The last "almost there" artist I saw was James Everett in the project room at Roberts & Tilton, but as I said my camera battery died before I could take a pic.
It's called "Opium Feast" and the steel and wax sculpture is much more interesting than, say, anything Sterling Ruby has ever produced (can't understand the hype, Ruby's work is mega-derivative, maybe it's the macho sculptural component that titillates collectors?). Unfortunately this sculpture is paired with 3 panels (including one called "Climax" that incorporates "ejaculation from a movie star" in its material, hey the 1990s are soooo last Century!) of meaningless words and sentences that want to show their meaningful value by being engraved in Roman-type lettering.

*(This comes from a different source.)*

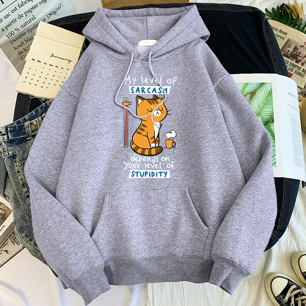 Толстовка с капюшоном для женщин Tsundere Cat, пить чай, женская толстовка большого размера, модная женская одежда, забавная толстовка в корейском стиле для женщин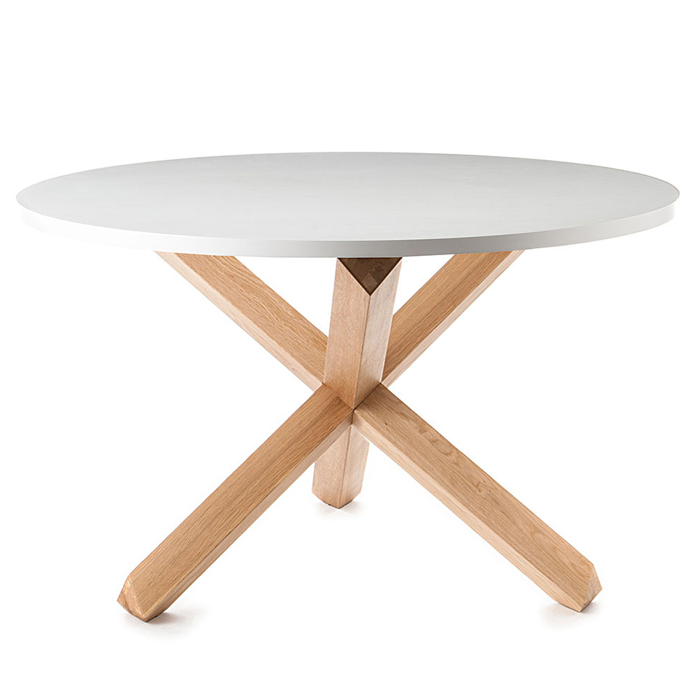 Runder Esstisch aus MDF und Massivholz.

But it's drywall, maybe as some kind of apt-metaphor about the entertainment industry or something (I'm too lazy to think about it, frankly). Drywall isn't really suitable for engraving, and the result looks too sloppy, especially compared to the wax sculpture.
Which, BTW, looks like a nightmare to ship and to conserve, so hurry to see it before it disintegrates!
Becca Mann's drawings, in the same room, were totally unremarkable. Not bad, but nothing to write home about.